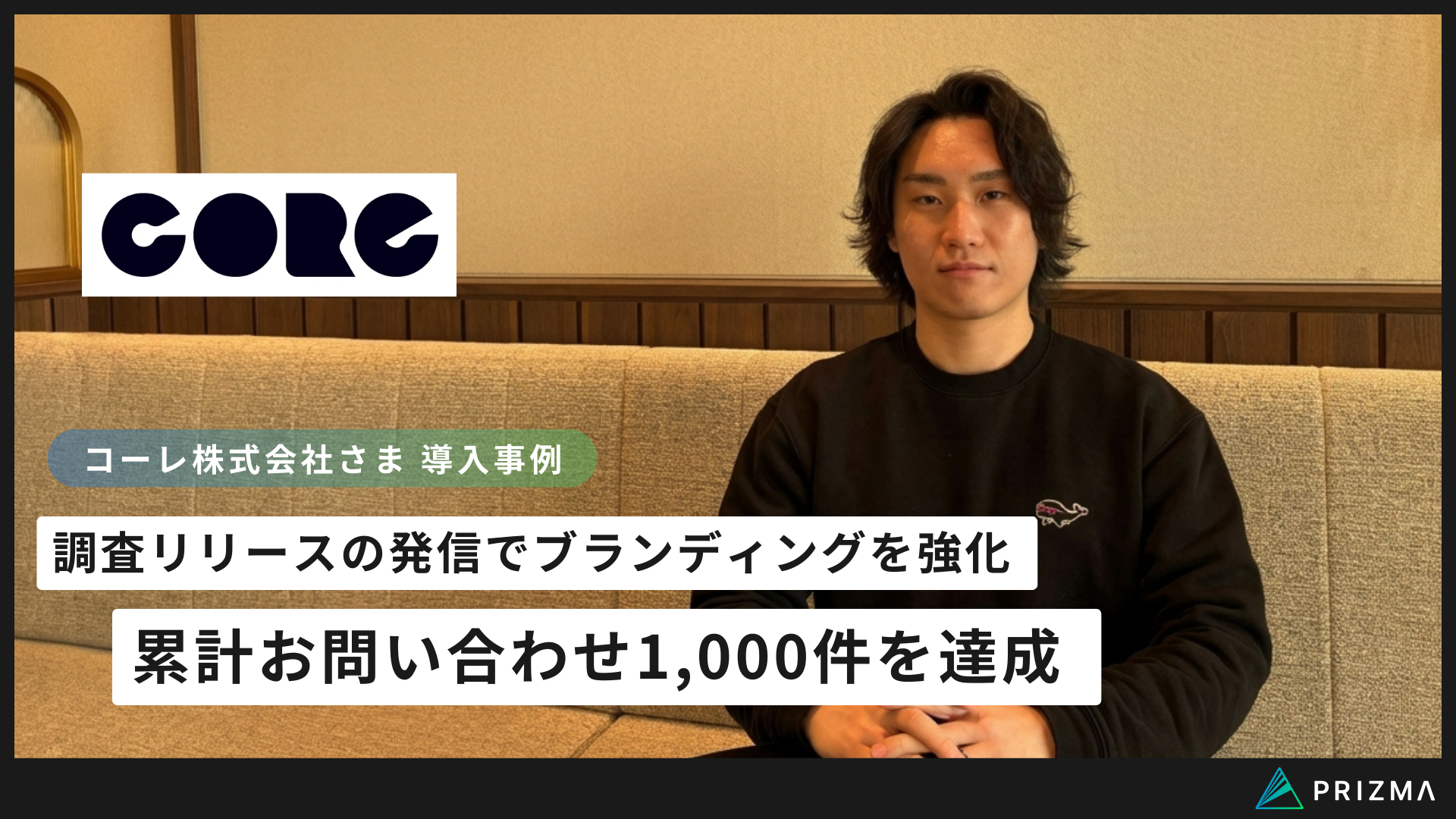 株式会社PRIZMA(本社:東京都渋谷区、代表取締役:杉本 昂輝)は、AIの戦略設計から本番実装・運用定着、人材育成、事業化までを一貫して支援するコーレ株式会社(本社:東京都新宿区、代表取締役:奥脇 真人)が、株式会社PRIZMAの提供する「調査リリース」サービスを活用し、ブランディング強化と営業資料などへの二次利用を実現したことをお知らせします。
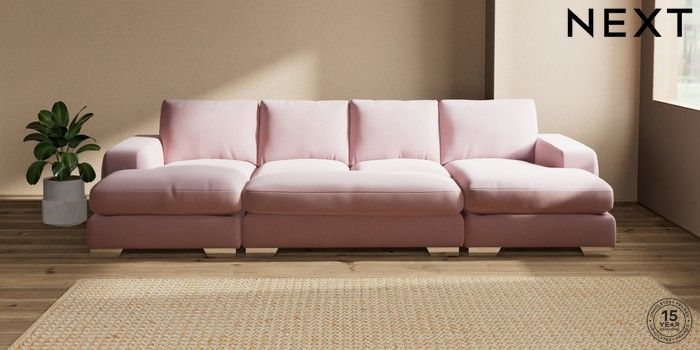 7.3.1 Buy Houghton Deep Relaxed Sit Large - U Shaped Double Chaise with Footstool Natural Mix Light Rose Pink Large Square Angle - Chrome Metal from the Seasons online shop Click here to use our website with more accessibility support, for example screen readers
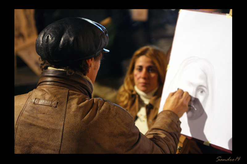 Cavolo, hai avuto buon occhio ma ti sei perso nel classico "bicchier d'acqua" accidenti! Bella occasione, ottima luce (vedere i colori caldi e quel filo di luce blu sul cappello e sulla spalla del pittore) ma la messa a fuoco doveva essere sulla "modella" che è la protagonista della scena e non sulle spalle del pittore.. sigh! |
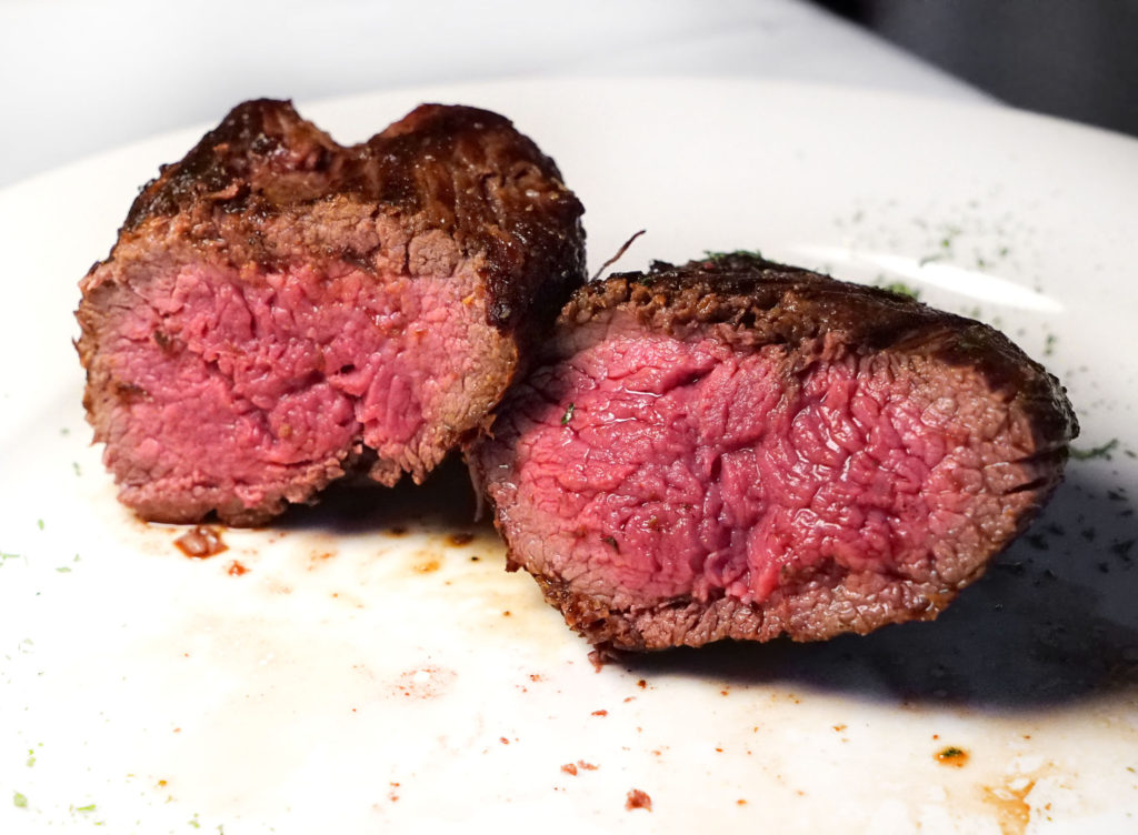 The photos and video make it look very overcooked, but it was just my light shining too hard. It may have been closer to medium than medium rare, but there was plenty of pink to go around.
○ ○ ○ ○ ○
§ **Work instructions**
Give again the lines from the line that contains "7.3.1 Buy Houghton" through the last line of the material above, exactly and with both ends included. Omit the pictures.

§ **Answer to the problem**
 7.3.1 Buy Houghton Deep Relaxed Sit Large - U Shaped Double Chaise with Footstool Natural Mix Light Rose Pink Large Square Angle - Chrome Metal from the Seasons online shop Click here to use our website with more accessibility support, for example screen readers
 Cavolo, hai avuto buon occhio ma ti sei perso nel classico "bicchier d'acqua" accidenti! Bella occasione, ottima luce (vedere i colori caldi e quel filo di luce blu sul cappello e sulla spalla del pittore) ma la messa a fuoco doveva essere sulla "modella" che è la protagonista della scena e non sulle spalle del pittore.. sigh! |
 The photos and video make it look very overcooked, but it was just my light shining too hard. It may have been closer to medium than medium rare, but there was plenty of pink to go around.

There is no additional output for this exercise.